• Review: Yella

    YellaAfter hearing a lot about the intensity of German film, Yella, as it toured around the festival circuit, and after it finally got a very limited commercial release this weekend in the United States (A British, R2 PAL DVD has been around since January for those inclined not to wait for a wider release which likely will not be happening). The film is one of those icily precise modern thrillers in the same vein as Stanley Kubrick’s Eyes Wide Shut, Jonathan Glazer’s Birth, Denis Dercourt’s The Page Turner or Michael Haneke’s Caché. Yes, Yella is that good.

    *Possible SPOILERS follow after the Jump*

    Gripping and unsettling, even as it gives its twist away in the first reel for anyone who may have seen Carnival of Souls, or favours the Twilight Zone, the obvious source templates used by director Christian Petzold. However, the twist is besides the point, serving as a double underscore to the films outlook of global commerce in a modern Germany.

    The film opens with Yella (Nina Hoss who gives a tightly-wound performance which won her several awards in Germany) leaving her small town in sleepy rural eastern Germany for a big aviation research firm in glass and concrete urban western Germany. She is leaving for a fresh start after a business start-up gone horribly wrong with her husband (him CEO, her accountant) has soured their relationship to the point of him stalking her around town while she desperately tries to cut all ties. As a gesture to do just that, she lets him drive her to the train-station and spend a few last moments together which he exploits by driving his SUV off of a bridge into Owl Creek.

    Somehow, Yella manages to swim out of the sinking vehicle, collect her soggy wet belongings and just make the train out of her old life. She arrives to the aviation firm which has just escorted her new boss (and her potential employment) off the premises, but luckily in the hotel where she is staying she meets a venture capital banker in need of an accountant. It is not long before she is thrust into the high pressure, high chicanery world of multi-million dollar loans for business with bad credit or risky ideas. While the sparse, glassy conference rooms with large tables piled with half-full plastic water bottles are framed and shot as soul-crushing negative space, Yella finds herself quite competent to the double dealings and comfortable with her new business partner. Guilt from fleeing her marriage, and stress from the near-death experience has her hallucinating ghosts and a collection of sounds, while she develops a curious interest in a house in the city where a man, wife and young child live. These images and sounds are not so much a clue to the structural mystery of the movie, but more of a way to constantly keep the viewer on edge. It’s effective watching Yella for the first time, feels like watching a much loved thriller the second or third time, where the overall plot is less important the emotional experience. No small feat for a film that keeps nearly all emotions on very slow-burn Rage, despondence, passion, fear all come in small measured bursts, continually teasing interest in a story that is literally going nowhere (I mean that as high praise!).

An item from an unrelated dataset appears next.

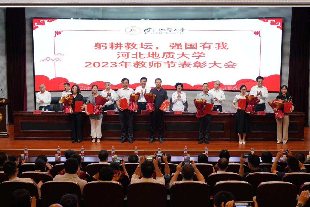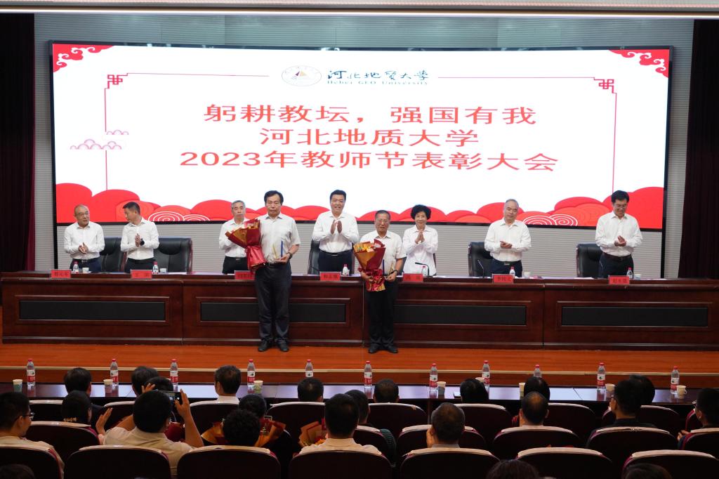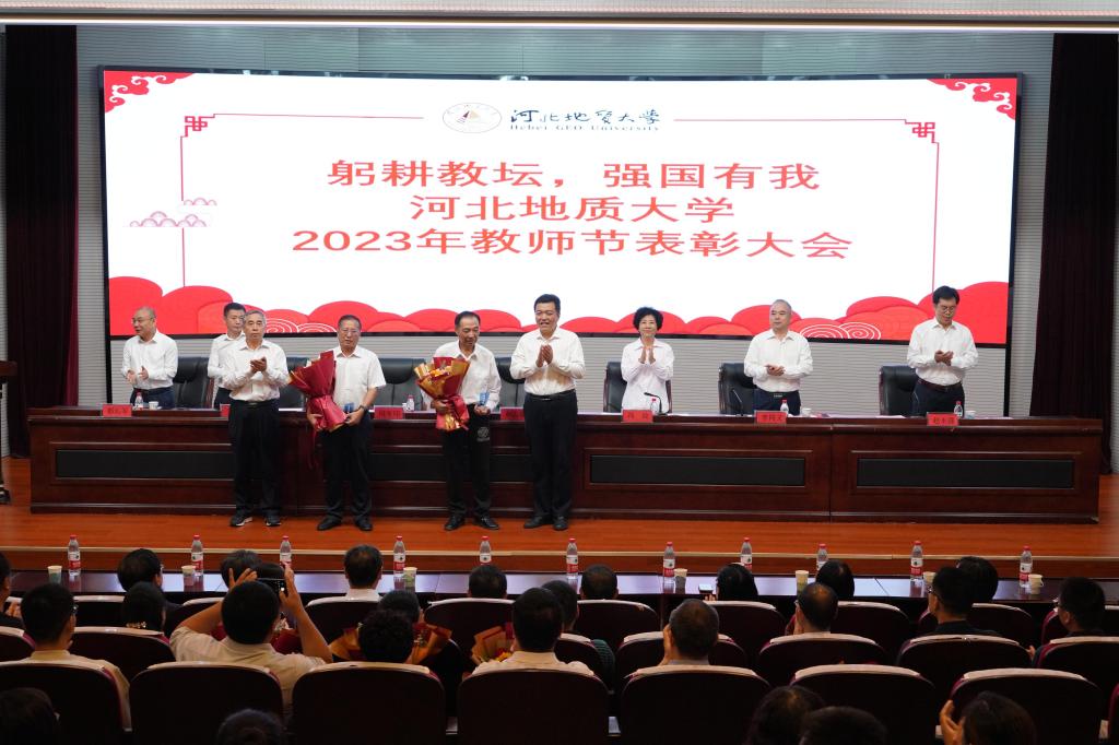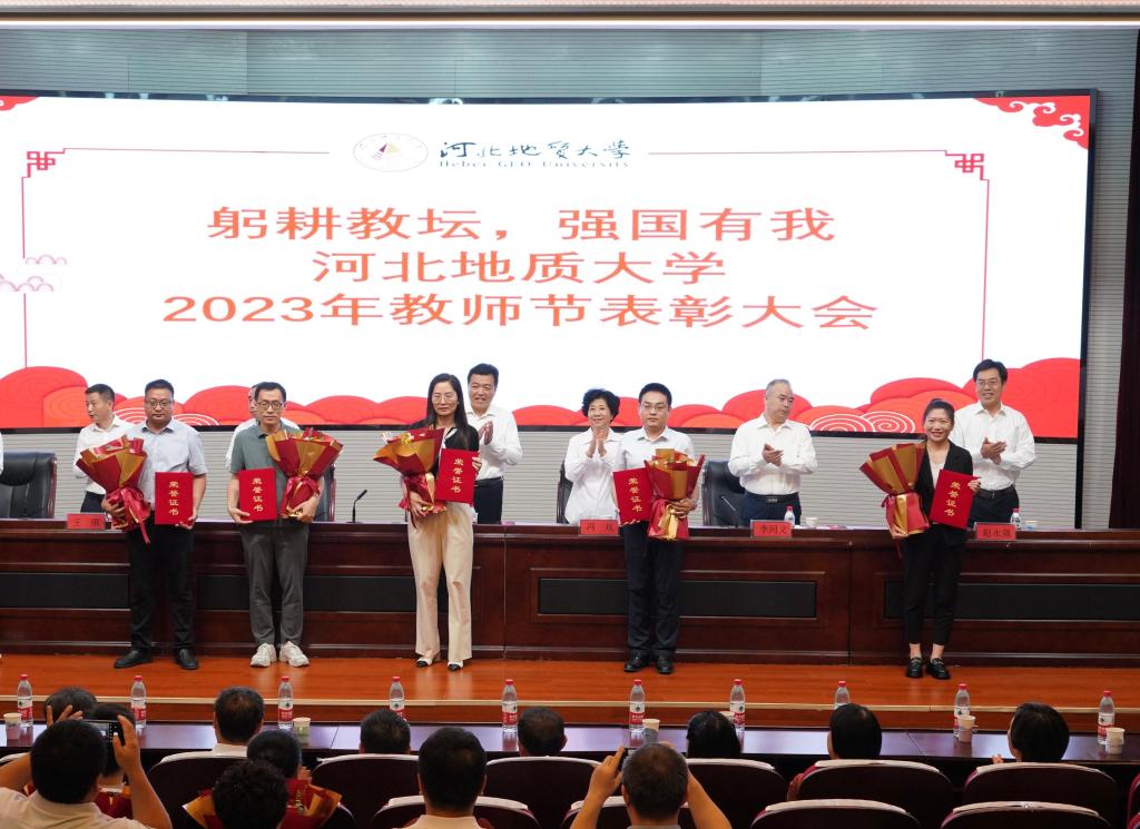 校长和志强为荣获“山海团队”称号的古生物团队首席科学家季强老师、黄金找矿团队首席科学家宋明春老师颁发奖杯,其他校领导分别为获奖教师和团队颁发了荣誉证书,新入职教师代表赠送了鲜花。

    It is quite clear by the midway point that this is not Oliver Stone’s vulgar American greed-fest Wall Street, but more along the lines of Olivier Assayas’ silky continental (and criminally underseen) Demon Lover. Yet the specific allegory of modern German filtered through a distinct cinematic sensibility makes it an interesting fusion of genre styles and a pretty compelling experience of a type which is sadly not encountered very much outside of the festival circuit.

1 Comment


  1. Marina Antunes says:

    I’m a fan of all the film you compared it to, especially “The Page Turner” which came out of no where for me, so I’m on board. May have to break down and just buy the DVD – especially in that company.